HEY PEOPLES! I know I only meant for the last one to be, umm, the last one, but I got a few reviews for a series so I will listen to them. And if you want more, I will give you more.

Disclaimer: I am Eoin Colfer who does not need a disclaimer. Wait, scratch that. I am CherryBerryB who DOES need a disclaimer. I hereby state that I do not own Artemis Fowl 1, 2, 3, 4, 5, 6, 7, and soon to be 8 or anything pertaining to the series. I DO, however, own the plot line AND this amazing program that lets you write in Gnommish and the original Artemis Fowl font. Ya know, the writing they used before Disney screwed up the series covers. See my profile for details 8)

(BTW-if I offended u in my authors note in "Blackmail", I am sorry and I didn't mean anything by it. Plz do not eat me. Thank-you)

Artemis Fowl rubbed his temples in irritation. There was no way to get back at Holly without being the laughing stock of the entire Lower Elements without addressing these nuisances.

Firstly, he needed to get that embarrassing picture back. But the thing was, to get the digital copy, he'd need to hack into Foaly's personal laptop, and that was something he couldn't do unless he could get down under and onto the internet. This wasn't a huge problem, but there was still the extremely likely chance of Holly having the paper copy, and that could very well be at her own house.

"Artemis Fowl, what are you scheming on now," asked an invisible voice.

He sighed (which he seemed to be doing a lot in the past few weeks). "Hello, Holly. What is the task you'd like me to do today, hm? Would you like your laundry done, again? Or, rid you house of stink worms? No, wait. Don't tell me. Anti-troll spray on the lawn. The stench of that is horrid."

Holly unshielded and chuckled. "Nothing so terrible. My computer is slow and needs to be cleaned out. I just decided that a genius could probably do the task much faster than me, and that being done for free is just a lovely little bonus. Foaly would do it, too, but he charges a barrel of carrots an hour, and most of that time is spent writing fake statuses on my FairyFace account." She grinned.

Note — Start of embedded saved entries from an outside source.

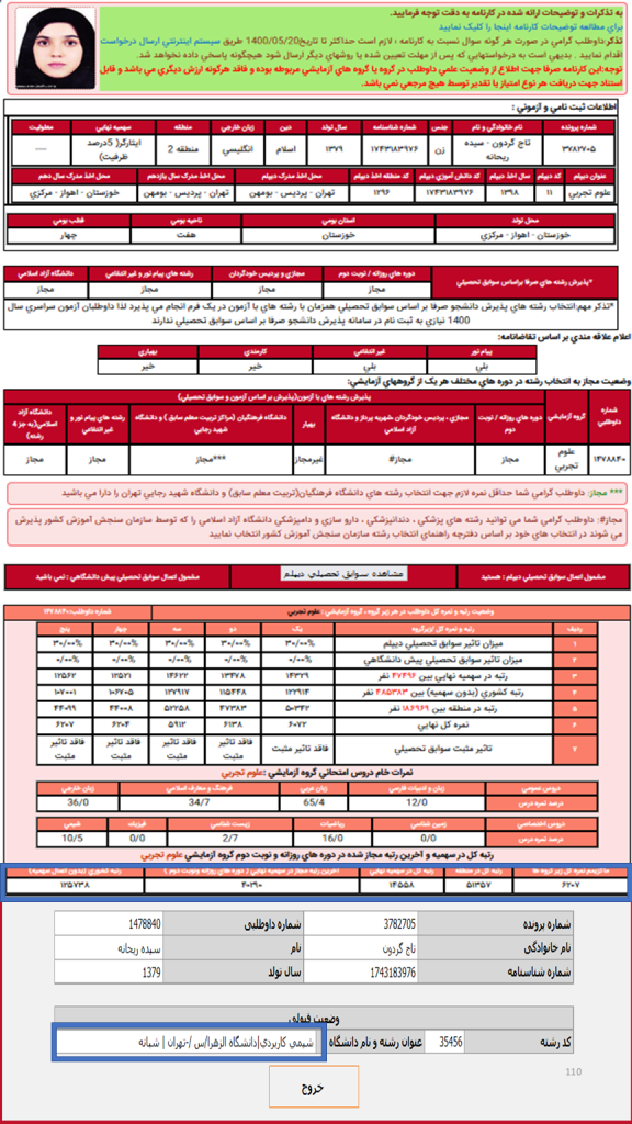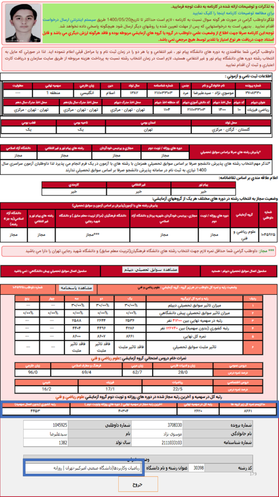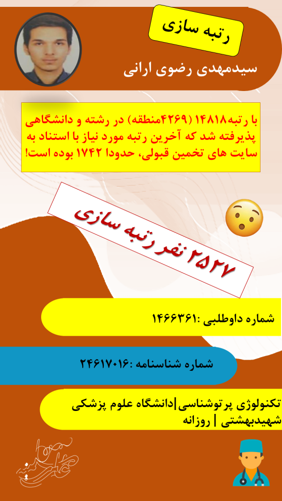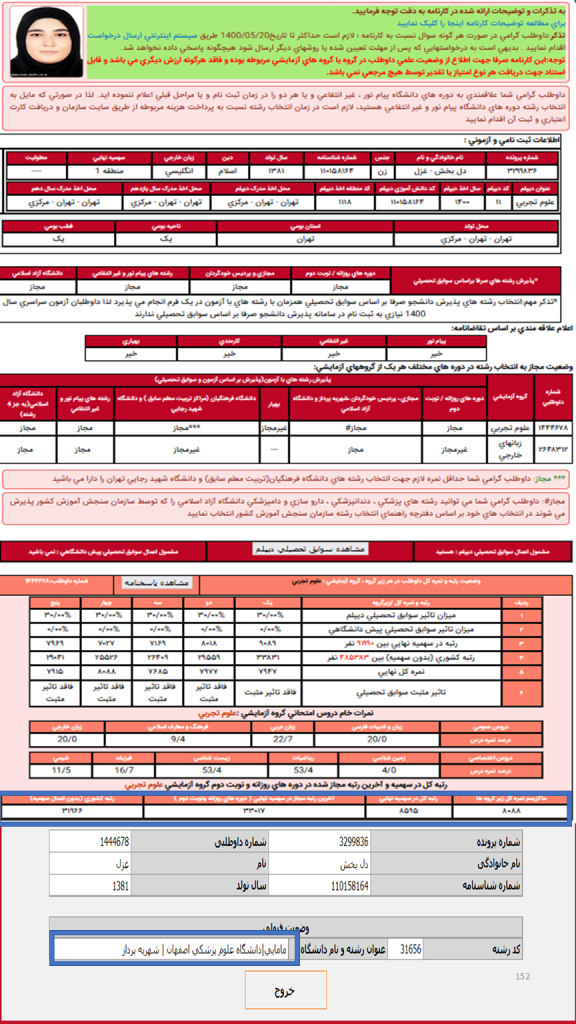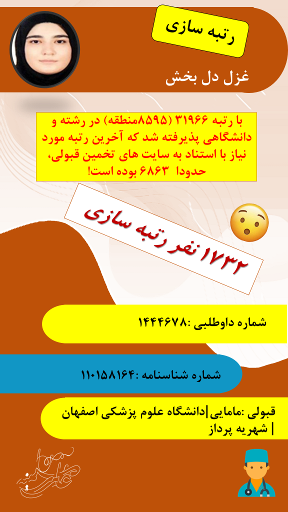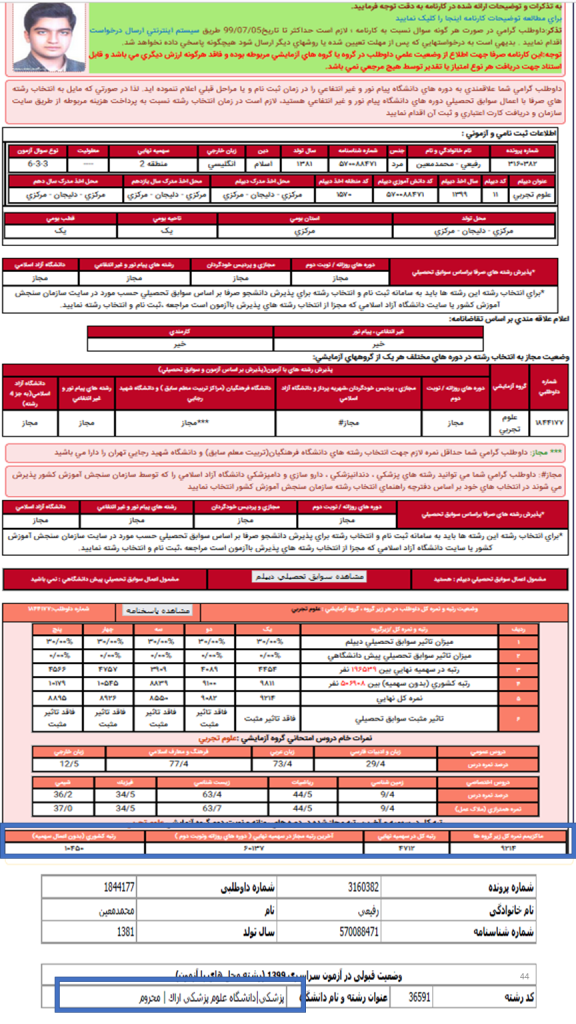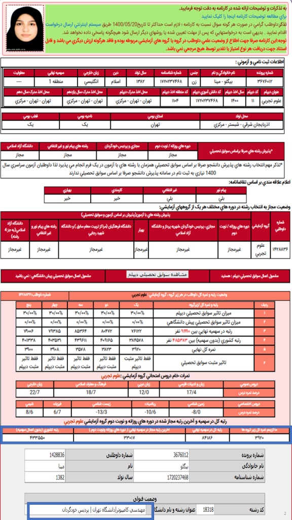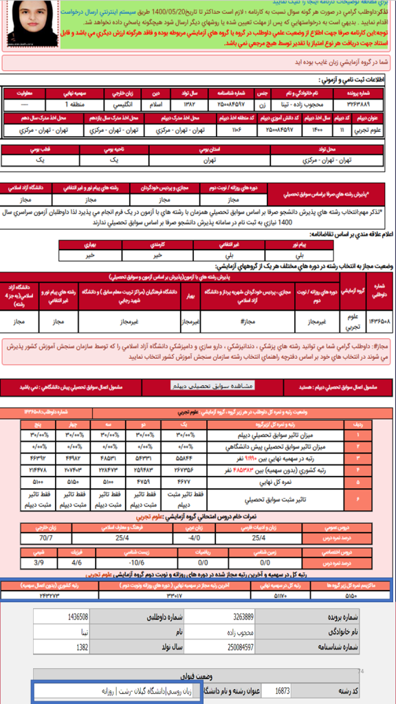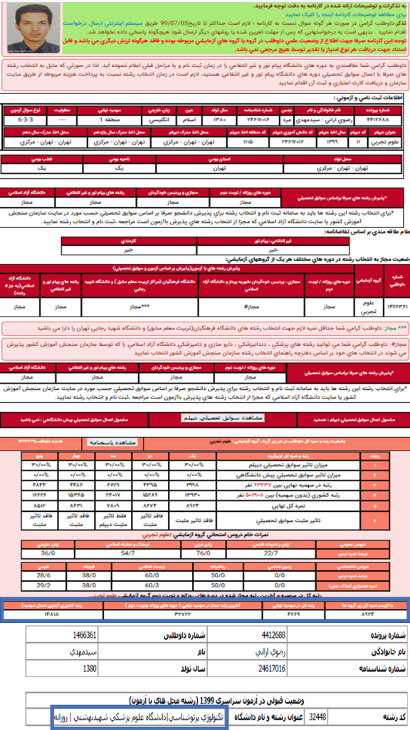 نتایج تعدادی از داوطلبان خوش شانس که انتخاب رشته ایشان توسط استاد مسلمینی و با متد رتبه سازی انجام پذیرفت(کارنامه قابل استعلام از سایت سازمان سنجش)
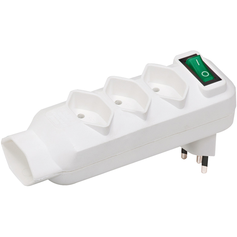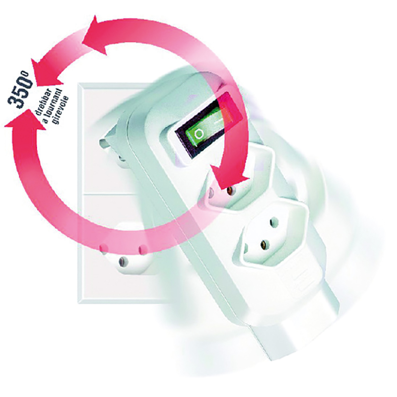 Kunststoff weiss, schlagfest, Stecker T12 ist bis 350° drehbar, Steckdosen T13 abschaltbar mit beleuchtetem Wippschalter, 1 Steckdose vertikal
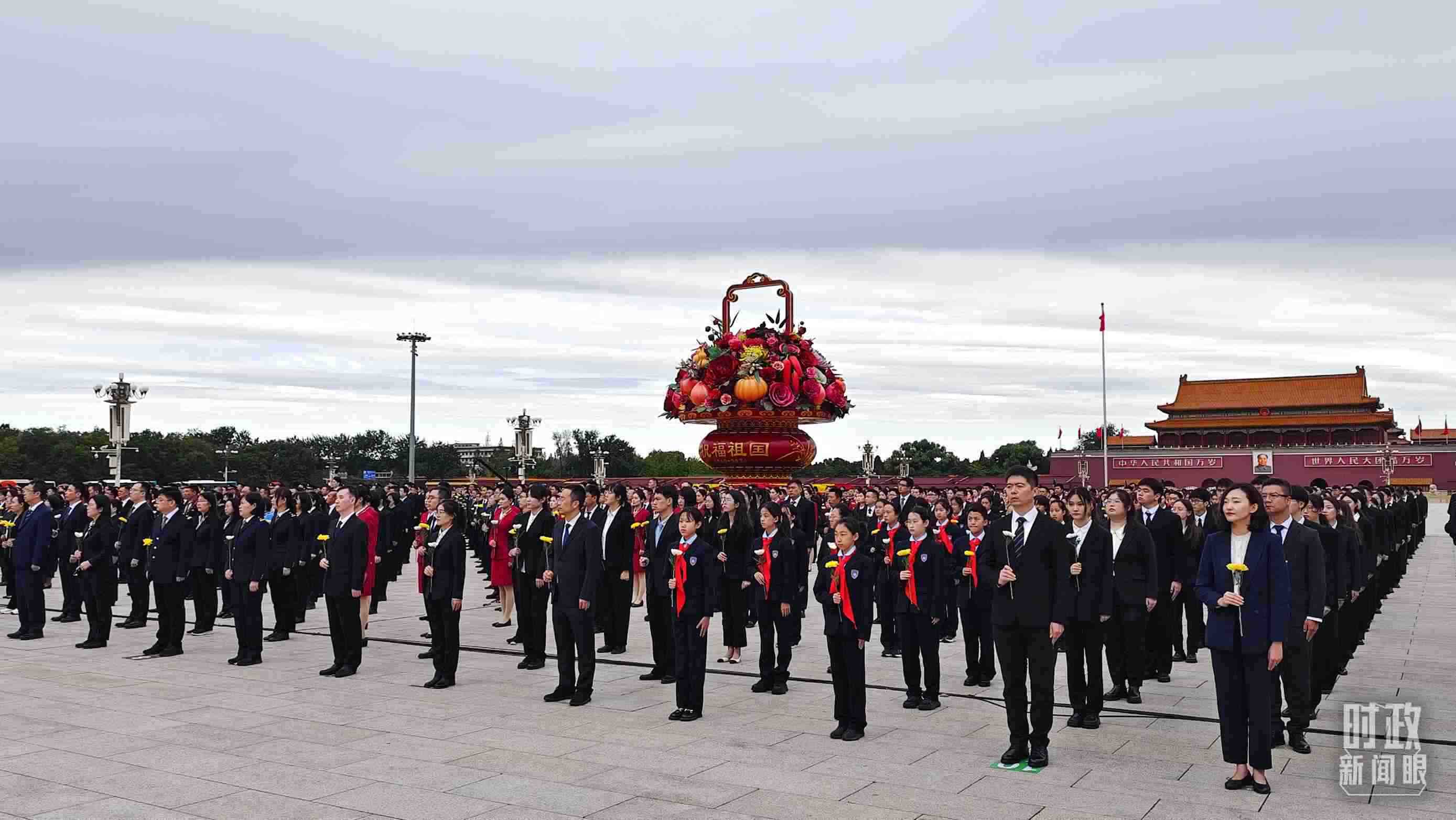 正逢新中國成立75周年,今年參加儀式的人數(shù)規(guī)模有所增加?!稌r(shí)政新聞眼》現(xiàn)場(chǎng)了解到,相較去年,人民英雄紀(jì)念碑基座上增加了4名禮兵。今年參加儀式的各界代表增至2400多名。
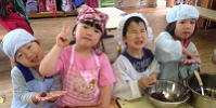 先週のクッキングでは、桜餅作りをしました。子ども達もクッキングを楽しみにしており、急いで準備をし、作り方をワクワクした様子で聞いていましたよ。
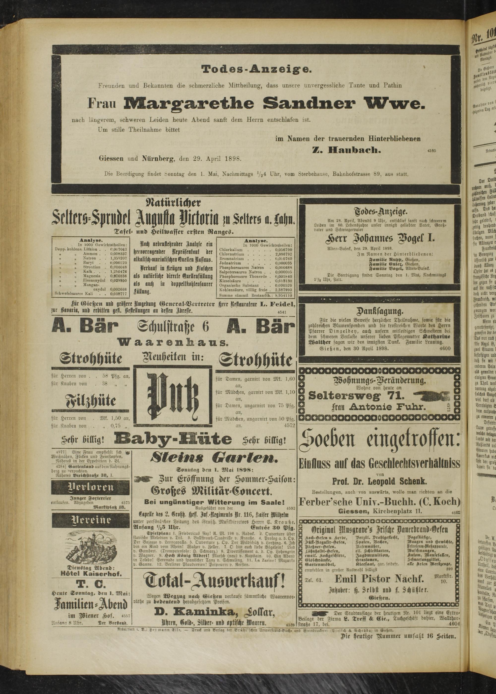 nMF* Der Stadtauflage der heutigen Nr. 101 liegt eine Extra- Beilage der Firma L. Treff & Cie., Tuchgeschäft dahier, Wallthor« straße 17, bei. 4604
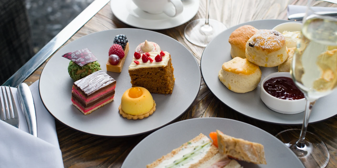 Experience a touch of indulgence with Afternoon Tea at The Belfry. Enjoy a delightful selection of freshly made sandwiches, warm scones with clotted cream and jam, and an array of handcrafted pastries, all served with your choice of fine teas or a glass of fizz in the elegant Brabazon Bar.
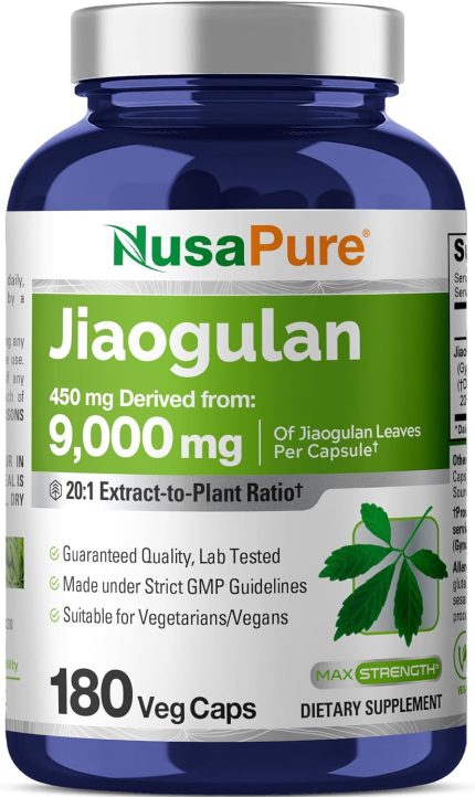 NusaPure Jiaogulan 20:1 Extract, 450 mg Equivalent to 9,000mg 180 Veggie Capsules (Vegetarian, Non-GMO, Vegan) Gynostemma Pentaphyllum
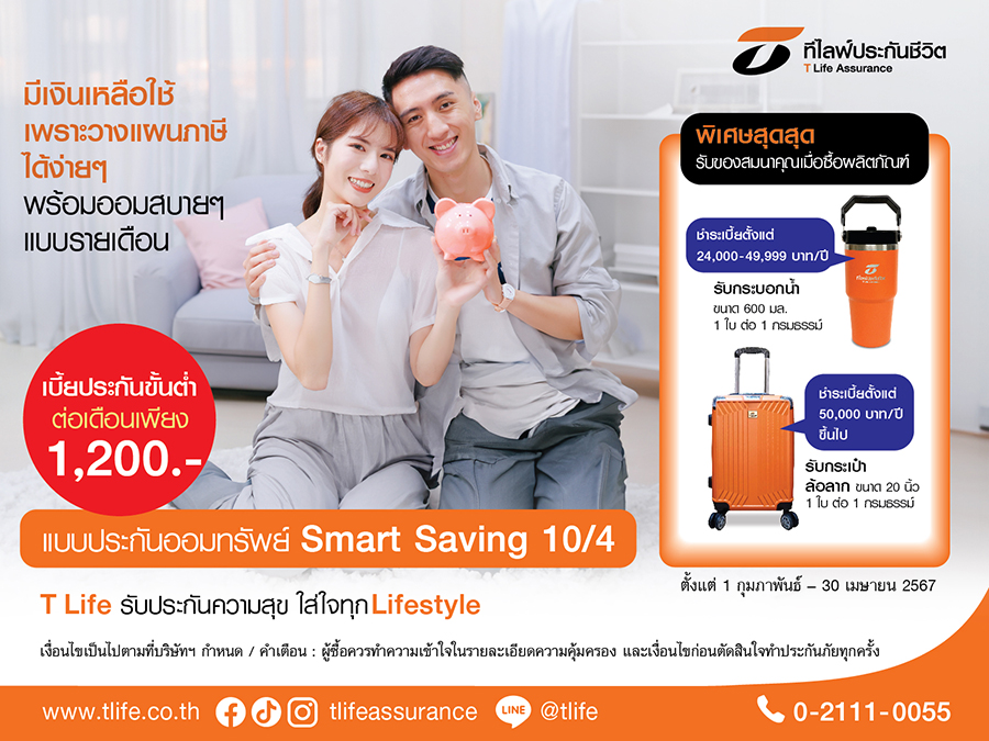โดย “ประกันออมทรัพย์ Smart Saving 10/4” มีจุดเด่น คือ สามารถนำเบี้ยประกันภัยไปลดหย่อนภาษีเงินได้บุคคลธรรมดาตามเงื่อนไขที่กรมสรรพากรกำหนด ชำระเบี้ยประกันสั้นเพียง 4 ปี คุ้มครองนานถึง 10 ปี การันตีรับเงินคืนทุกปีสูงสุด 6% ของจำนวนเงินเอาประกันภัย รับเงินคืนครบกำหนดสัญญา 410% ของจำนวนเงินเอาประกันภัย ณ สิ้นปีกรมธรรม์ที่ 10 รวมผลประโยชน์เงินคืนตลอดสัญญา 460% และคุ้มครองชีวิตสูงสุด 440% ของจำนวนเงินเอาประกันภัย สมัครง่ายไม่ต้องตรวจสุขภาพและไม่ต้องตอบคำถามสุขภาพ(เงื่อนไขตามที่บริษัทฯ กำหนด) สามารถชำระค่าเบี้ยประกันด้วยบัตรเครดิต Visa และ Master ได้ทุกปีกรมธรรม์ อีกทั้งยังแบ่งชำระรายเดือนขั้นต่ำเดือนละ 1,200 บาท ได้โดยไม่ต้องเสียดอกเบี้ย จำนวนเงินเอาประกันภัยเริ่มต้น 14,400 บาท และอายุรับประกันตั้งแต่ 1 เดือน 1 วัน – 65 ปี พร้อมรับของสมนาคุณ ฟรี! “กระเป๋าล้อลาก” ขนาด 20 นิ้ว เมื่อชำระเบี้ยประกันรายปี ตั้งแต่ 50,000 บาท ขึ้นไป หรือ รับ“กระบอกน้ำ T Life” เมื่อชำระเบี้ยประกันรายปี ตั้งแต่ 24,000 – 49,999 บาท ตั้งแต่วันนี้ – 30 เมษายน 2567
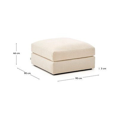 Kave Home kāju soliņš Alea ir elegants un funkcionāls interjera papildinājums. Tā vienkāršais, bet izsmalcinātais dizains ar taisnām līnijām un izteiksmīgu šuvi uz augšējā spilvena piešķirs jūsu telpai mūsdienīgu izskatu.
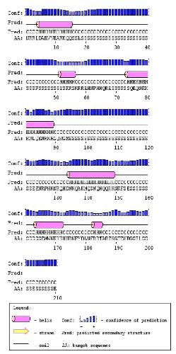 Figure 7. Predicted structure of the frog phosvitin component of Vitellogenin-A2 (1807 amino acids; Accession #P18709). The Protein Structure Prediction Server (PSIPRED) [16] was used to examine the possible conformation of the serine-rich phosvitin sequence (ca. 1126 - 1321). Line 1 indicates the confidence of the prediction, line 2 the relative position of each helix, line 3 whether the residue is part of a helix, strand or coil (see legend), and line 4 indicates the amino acid. Going from N- to C-terminal end, the sequence contains blocks of 38, 8, 28, 13 and 13 serine residues.
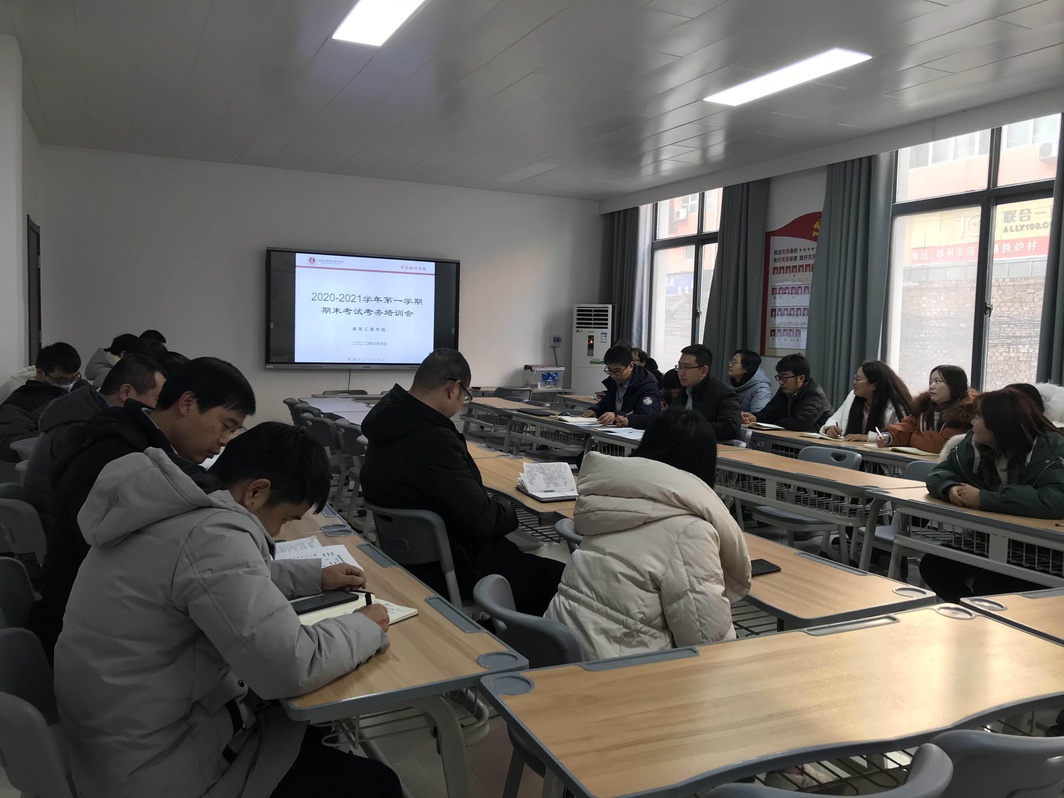 首先,副经理娄焕安排部署了2020-2021学年第一学期期末考试工作,向英国上市官网365全体教师及基础教学部支援教师进行了考前培训,强调了考务纪律,明确了监考、考务等岗位的职责,确保期末考试工作安全、平稳、顺利的完成。
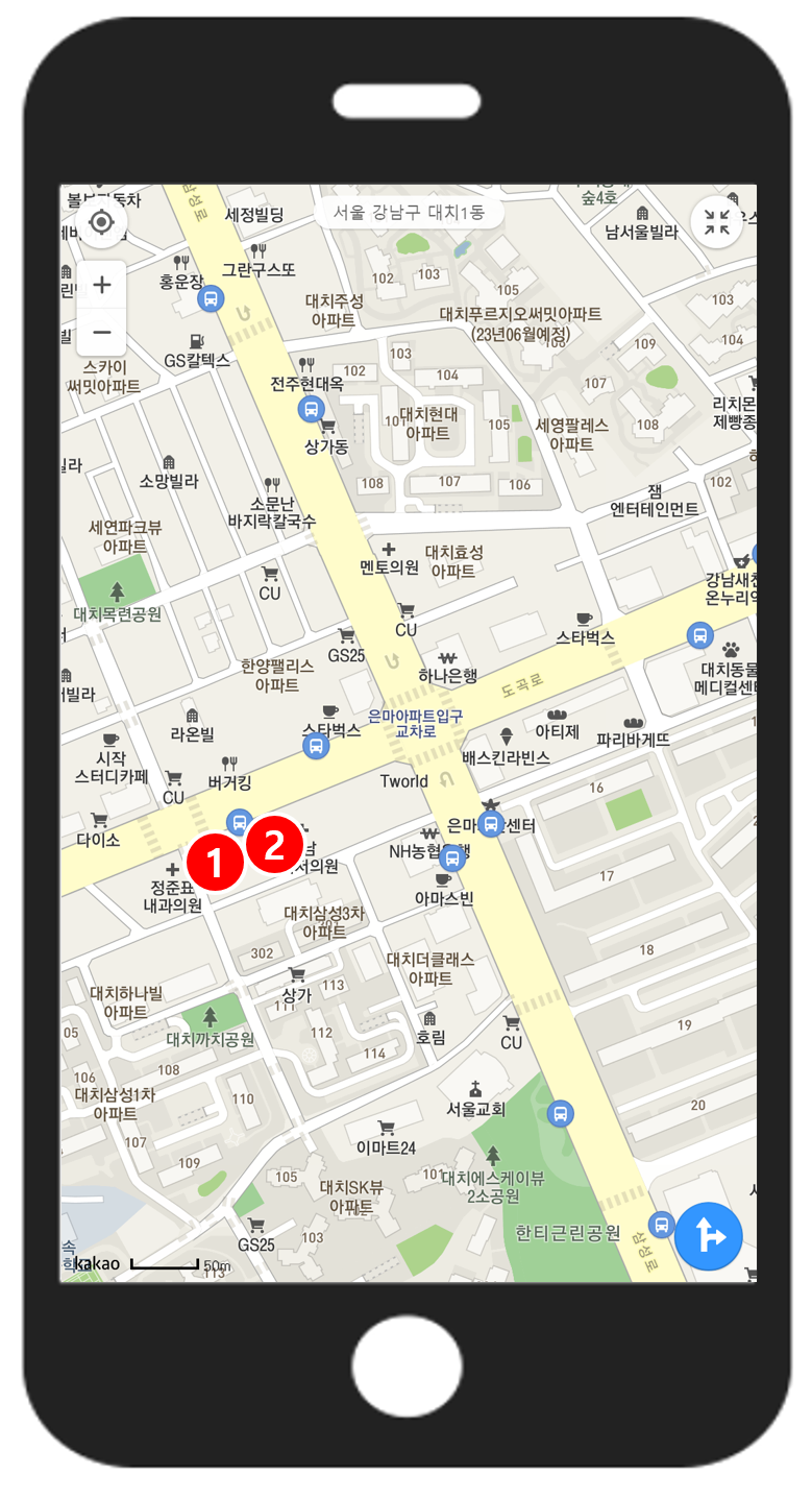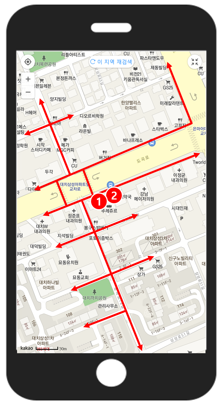 ①파리바게뜨와 ②뚜레쥬르의 입지 (ⓒ카카오맵)대치동 은마사거리 학원가 중 대치역 방향 남쪽 블록 상권에는 약 10개의 제과점이 영업 중이다.

Artemis moaned, but he smirked on the inside. Simple, really. It's too bad he wasn't a phlegm reader.

XxAFxX

"I'll be back, soon! I just have to grab so groceries," Artemis heard a slam from Holly's front door, and then all was quiet.

The young genius cracked his knuckles, then set to work. He could see why Foaly had wasted a few hours on the fairy equivalent of the internet; this was incredibly easy and boring stuff. He finished after few minutes, then went to work looking hacking into Foaly's laptop, which was also quite effortless, as Holly had his personal e-mail programmed into her computer*.

After deleting the picture (which he did with great joy), Artemis went about looking for the hard copy. In the kitchen cabinets…nope. Under the couch cushions…nope. On the top shelf near the door…nope. He was just about to open the first drawer in Holly's bureau when he felt a jolt of electricity from his behind. Looking up from the floor, he saw a certain female elf watching him with a fire in her eyes and a buzz baton in hand.

"And what do you think you were doing looking through my underwear?"

Artemis turned a certain shade of red that almost reminded Holly of Root. "Uh, Holly…you see, um, I…can explain…"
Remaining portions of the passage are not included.